**YOUR INSTRUCTIONS**
Quote exactly the lines from the one with "Nike Air Force" to the end of the data, both included; omit the pictures.

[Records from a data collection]
++++++++++

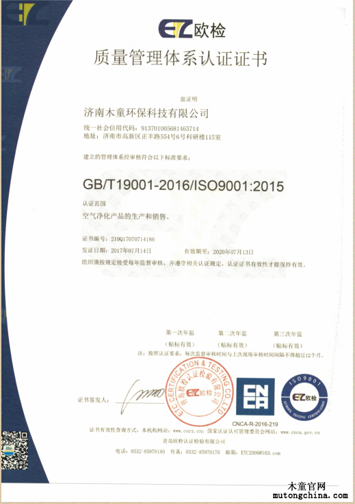 濟南木童環(huán)保科技有限公司(我北京中興天瑞科技有限公司子公司)至2015年承擔(dān)木童室內(nèi)環(huán)保產(chǎn)品的生產(chǎn)任務(wù),近日又通過國家GB/T19001-2016 / ISO9001:2015質(zhì)量管理體系認(rèn)證。標(biāo)志著木童產(chǎn)品在生產(chǎn)工藝、質(zhì)量管理、產(chǎn)品檢驗穩(wěn)定等生產(chǎn)全過程,又上了一個新臺階。
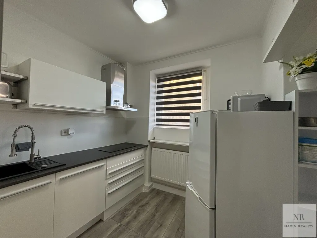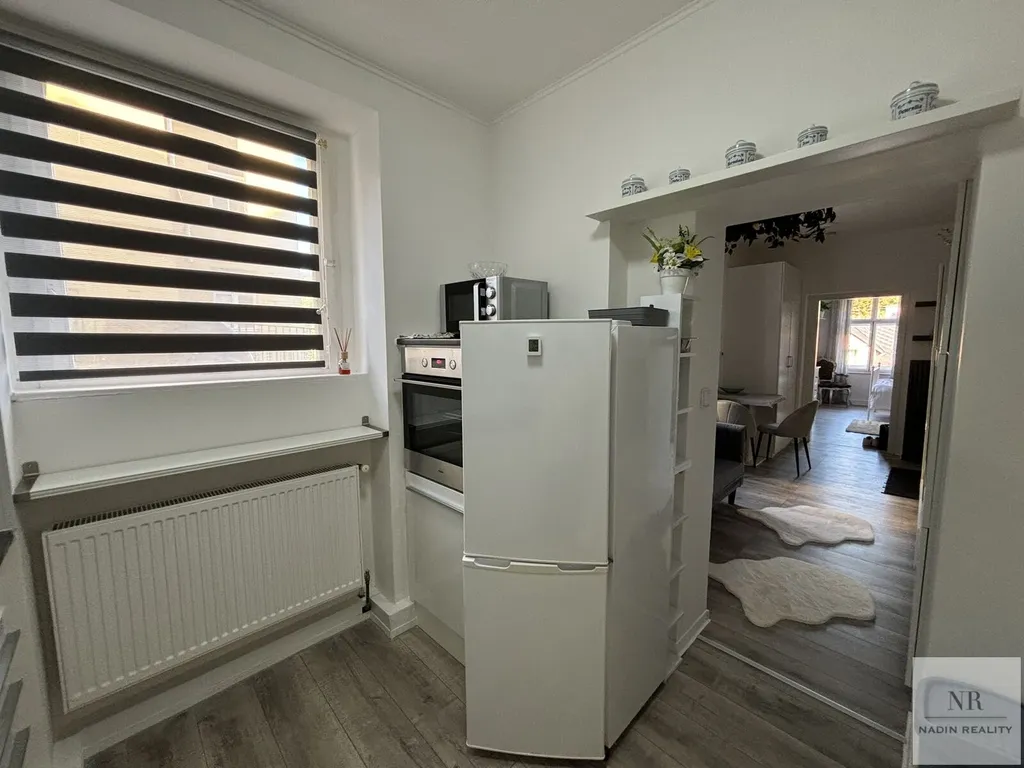 Součástí bytu je kompletní vybavení, které zahrnuje nábytek jako postel, skříně a komody, takže nový majitel může ihned začít užívat komfortního bydlení bez nutnosti dalších investic. Kuchyňská část je prakticky zařízena kuchyňskou linkou se spotřebiči, mezi nimiž se nachází lednice, mrazák, sporák se sklokeramickou deskou a horkovzdušná trouba. Toto uspořádání usnadňuje každodenní vaření a přípravu pokrmů.
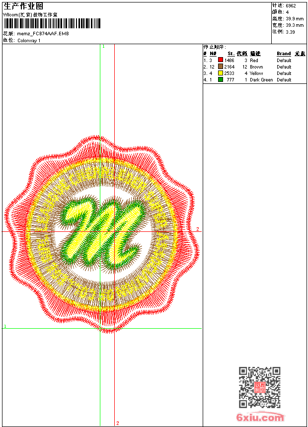- emb花版参数: 大小:63.00 KB / 尺寸:39*40[毫米] / 针数:6962针 / 线色:4 / 格式:emb / 版本:9
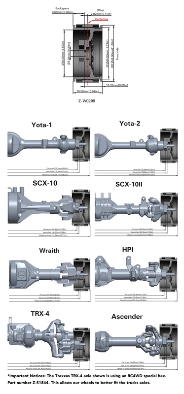 Note: Shown installed with RC4WD Atturo Trail Blade M/T 1.7″ Scale Tires (Z-T0151) for example (Not Included).
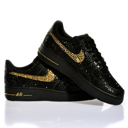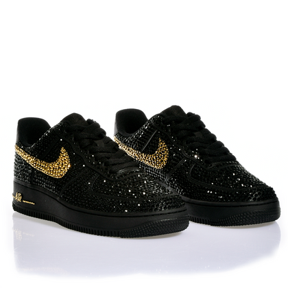 Nike Air Force 1 Luxury Dark Halo: sneakers that turn style into art. Elegant black with the iconic contrasting swoosh and gold details that catch the light. Each pair is hand-studded with sparkling Swarovski crystals, creating a mesmerizing luminous effect. Perfect for those who want to shine without shouting. Subtle luxury, maximum impact.
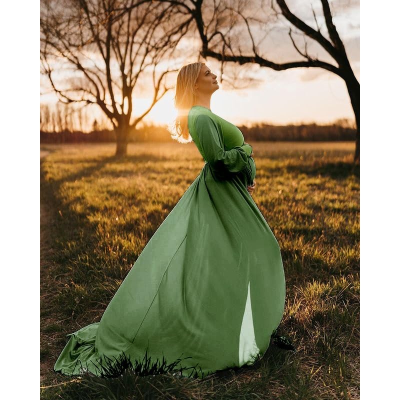 Maternity Gowns for Photoshoot Long Bishop Sleeves Baby Shower Dress Pregnancy Summer Wrap Split Sweetheart Maxi Photography 2025(Green M)

++++++++++

**ANSWER SECTION**
 Nike Air Force 1 Luxury Dark Halo: sneakers that turn style into art. Elegant black with the iconic contrasting swoosh and gold details that catch the light. Each pair is hand-studded with sparkling Swarovski crystals, creating a mesmerizing luminous effect. Perfect for those who want to shine without shouting. Subtle luxury, maximum impact.
 Maternity Gowns for Photoshoot Long Bishop Sleeves Baby Shower Dress Pregnancy Summer Wrap Split Sweetheart Maxi Photography 2025(Green M)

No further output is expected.